The Pentagon's transition papers figure that lowering the bottom three pay grades to the $2.30 minimum wage, and figuring food and housing as part of that wage, would have saved $1.7 billion. But Congressional Budget Office officials testified that returning to a draft would save a mere $500 million a year (the Feds probably misplace more than that in a week or two). Lowering wages in Health, Education and Welfare to $2.30 would surely save much more. Or maybe we could draft Congressmen and save a fortune.

The Times claims that "the quality of Army recruits keeps slipping." Yet the only apparent evidence provided is that "the proportion of blacks in the Army has risen by half since 1971 to 21.9 percent." One can imagine what sort of editorial the Times would write if the head of a large corporation implied that the quality of its labor force was slipping because there were "too many" blacks. It is easy to forget that the Navy accepted no blacks at all from World War I until 1932, when it began accepting them only for kitchen jobs. The Army had only two black combat officers in 1940, and there were no blacks at all in the Marine Corps during World War II. Now, blacks in the Army account for 14.8 percent of the top enlisted grade (up from 8.2 percent in fiscal 1972), and 5.3 percent of the officers. That is progress—not slippage.

One Pentagon transition paper, the supposed source for the remark about slipping quality, says: "The transition to our all-volunteer force has been a dynamic process with the military achieving their objective in terms of quality and quantity, thereby sustaining a strong volunteer peacetime force." Another paper says "the Army made considerable quality gains." In terms of mental test scores, there was a larger proportion in the lowest category (IV) under the last draft than under the volunteer army. The percentage of military recruits who are high school graduates rose from 58 percent in fiscal 1974 to 65 percent in 1976, and the future objective is 68-90 percent depending on the branch. That is pretty strict, since 42 percent of those unemployed in 1976 had less than a high school education, and the unemployment rate among young high school dropouts is double that of graduates.

This is not to say that the transition papers do not complain of recruiting problems. The Marine memo notes that "reductions in recruit advertising (down $4.5 million), recruiting support (down $800,000) and recruiting personnel (down by 255 people) were directed by Congress in Fiscal Year 1977." The Army paper observed "a reduction of over $50 million and some 800 people in Fiscal Year 1976 and the transition quarter recruiting resources." The volunteer army hasn't failed, it has been sabotaged.

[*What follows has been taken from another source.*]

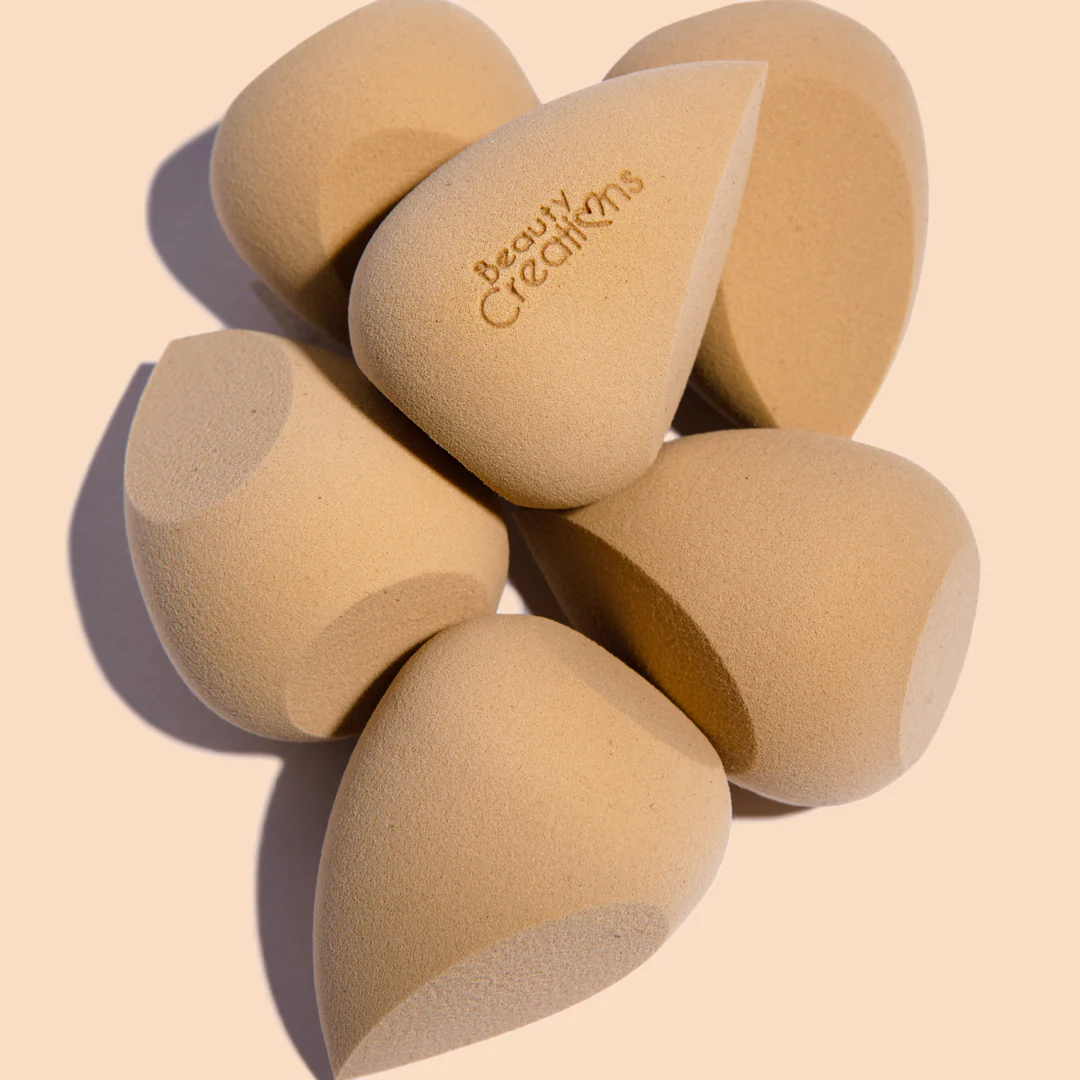 La esponja difuminadora tiene una base plana única con forma de lágrima y corte diagonal. Duplica su tamaño cuando está húmeda.

Reenlistment efforts have also been weak. The services plan to enlist 400,000-430,000 a year to sustain a force level of 2.1 million—a very high turnover rate. First term attrition has risen from 25 to 37 percent in the last four years. If we continue to push experienced servicemen out the door with "marginal performer" discharges (estimated at 40,000 per year for 1977-82) and with pensions that look better than salaries, it will indeed require a large recruiting effort to replace them.

The Times editorial ends up endorsing an extremely costly "form of universal service, civilian and military, without exemptions. In theory, this could seek to reduce teenage unemployment." Yes, and putting the kids in jail would also take them out of the civilian labor force. If unemployed teenagers would rather be in the army, they can enlist. If taxpayers really want to hire more unemployed teenagers, they are free to drop the educational barriers that keep most unemployed teens out of the armed services. None of this requires mandatory work at low pay, which is what the flowery phrase of "universal service" really means.

One of the Pentagon's transition papers predicted that "recruiting prospects for Fiscal Year 1977 are expected to become a media issue by March 1977." It was very obliging of the New York Times to help publicize this contrived issue a month before schedule.

Alan Reynolds is a vice president of the First National Bank of Chicago and editor of its First Chicago World Report. His Viewpoint appears in this column every third month.